Spino- and cuneo-cerebellar neurons end as mossy fiber terminations in the cerebellum.  In addition to the multiple classes of spino- and cuneo-cerebellar neurons, mossy fiber inputs can originate from vestibular nuclei, the lateral reticular nucleus, and the pons.  Granule cells are the primary target of mossy fiber terminals in the cerebellum; consequently granule cells serve as the principal processor of this diverse input to the cerebellum.  Granule neurons have ~4 dendrites with each dendrite receiving one excitatory mossy fiber input.  The simplicity in number and the diversity of origin of mossy fiber inputs make granule neurons an interesting and tractable system to explore how input convergence creates meaningful neuronal codes. We are characterizing the global and cellular patterns of mossy fiber convergence in the cerebellum as well as how these arrangements affect granule cell output.  To this end, we will first determine unique genetic identities of each precerebellar neuronal class; knowledge of the genetic identities of these neurons will facilitate a number of crucial experiments including circuit tracing, optogenetic experiments, and ablation studies.

Currently, we have genetic control over one class of spinocerebellar neurons providing an example of our plan for each precerebellar type.  Glial derived neurotrophic factor (GDNF) is selectively expressed in Clarke’s column of the dorsal spinocerebellar system.  We have produced several lines of GDNF BAC transgenic mice with the aim of dissecting the role Clarke’s column in motor control.  To this end, we have generated a GDNF::diphtheria toxin receptor mouse line that renders only GDNF-expressing neurons susceptible to toxin-induced cell death.  The specificity of the genetics and the control of toxin administration permit us to test the behavioral role of Clarke’s column.

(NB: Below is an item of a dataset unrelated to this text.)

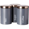 - ◈USEFUL AND STYLISH◈ The new MegaChef Essential Kitchen Storage 3 Piece Sugar, Coffee and Tea Canister Set in Matte Gray is a stunning addition to any kitchen. The modern and minimalist design will add a subtle and useful touch of beauty and style to your counter tops. Each canister features an accented Copper Finish lid to enhance the subtle elegance of the matte finish of the canisters.

Despite much effort, a black box has remained in between sensory input and motor output.  To reveal aspects of this black box we will chase sensory inputs into the brain in order to understand how the nervous system changes natural stimuli into a code it can use for motor control.

Since arriving at Janelia in October of 2010, I have been gearing up the lab with microscopes, electrophysiology equipment, and genetic tools.  Collaborating with Dan Flickinger and Jason Osbourne in Instrument, Design, and Fabrication, we have developed a multi-photon microscope that enables us to image and perform optogenetic experiments in vivo in the brainstem.  Also during this time we have mined the brainstem for specific and selective gene expression patterns.  The transgenic core at Janelia has used these results to design and produce mice for the lab which will be instrumental in obtaining genetic control over select populations of precerebellar neurons.